Life hasn't been too rough for Carnival (CCL 2.57%) (CUK 3.13%) investors, with the critical caveat that you've only been a shareholder since mid-March or later. If you were brazen enough to buy Carnival stock when it bottomed out in early April (when it was so desperate for cash that it sold freshly minted shares at $8 apiece), you've almost tripled your money.
Most investors haven't been that lucky. Carnival will close out 2020 as one of this year's worst-performing large-cap stocks. The shares have plummeted 57% since the year began.
If you own Carnival, you're probably sitting on either a big unrealized capital gain or capital loss. Let's draw a new starting line for potential investors. Right now, with Carnival shares in the low $20s, is this an investment worth buying? Let's look at the things to consider if you're angling for a piece of the world's largest cruise line operator.
Carnival is the top dog of the open seas. It's larger than Royal Caribbean (RCL 1.12%) and considerably bigger than Norwegian Cruise Line Holdings (NCLH 3.25%). All three players are essentially in the same boat, pardon the pun. They suspended sailings in March. They spent the next few months with frustrated crew members stuck on the boats waiting to be repatriated. They are aiming to resume passenger cruises in February or March of next year, but if those dates slip, it wouldn't be the first time that cancellations get pushed further out into the future.

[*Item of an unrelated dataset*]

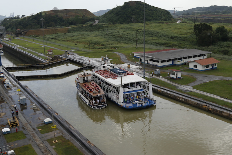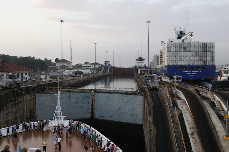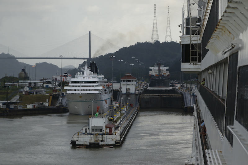 Going into Gatun, we are followed by the ‘Zuiderdam’, another of our ships; she is going to transit Gatun and then anchor in Gatun Lake, her guests then being transferred ashore on tours before she leaves and again, out of Gatun once more and back into the Caribbean.
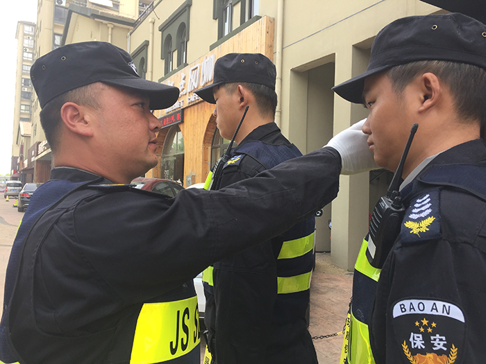 n the early morning, the security guards greet the first rays of sunshine, and take the lead of the project leader to take a firm step and open a brand new day.

In terms of Carnival, investors need to know that they're not buying the same "fun ship" company as before. The fleet will be smaller, since Carnival has unloaded some of its least productive vessels during the operating lull. Income investors will note that it hasn't paid out a quarterly dividend since February, and the payouts aren't expected to resume anytime soon.
Carnival's finances will also take some time to recover. Its cash-burn rate is $530 million every month that it's not bringing in revenue-generating passengers, and even when it does resume sailings at some point in 2021, it's not as if it will be as profitable right away. Analysts see a return to modest annual profitability in 2022, and that's if things go according to plan.
The scariest prospect here, in terms of valuation, is how long it will take for any of the cruise lines to return to their former glory. Analysts see Carnival earning $2.25 a share come 2024. One way to look at this is that the stock is currently trading for 10 times what it will earn four years from now, but the more sober approach is that even in 2024, it will be barely half as profitable on a per-share basis as it was in 2019.
A big reason for the drop in bottom-line forecasts is that the players have taken on a lot of water this year in the form of new shares and fresh debt. Carnival's full-diluted share count has gone from 688 million to 775 million in the first three quarters of fiscal 2020. More shares mean lower earnings on a per-share basis. Long-term debt in the same nine months has gone from $9.7 billion to $18.9 billion, and those interest payments will eat into earnings, period. As a riskier investment, it's also having to pay more for borrowed money. Its interest expense for its latest quarter is a sixfold increase from where it was nine months earlier.
Welcome to the midnight buffet
Things aren't all bad here. The pain that the industry is going through now will make cruising a lot safer in the future, with or without a pandemic. Carnival has also raised more money than any other cruise line, so if there is a shakeout in a prolonged interruption, it's fair to say that Carnival would be the last player (if not the next-to-last) to go under.
It's also quite possible that the recovery for the industry in general and Carnival in particular plays out better than expected. There is going to be huge pent-up demand to cruise again at the other end of the COVID-19 calamity, as long as the economy and the pandemic are passing ships in this crisis.
A lot of the future sailings for Carnival, Royal Caribbean, and Norwegian Cruise Line are already spoken for in terms of cruise credits issued on canceled voyages. This may seem to limit the near-term generation of cash flow, but it also means that it will be easier to fill up ships once sailings resume.
Carnival stock is certainly riskier than it was a year ago, and it's not much cheaper once you consider the new shares and debt that have been issued. But if you believe in the future of cruising as a vacation option, you must feel that the future can only get brighter from here. If you're risk tolerant, patient, and realistic, Carnival is a stock you can buy here as a multiyear investment with the potential to beat the market.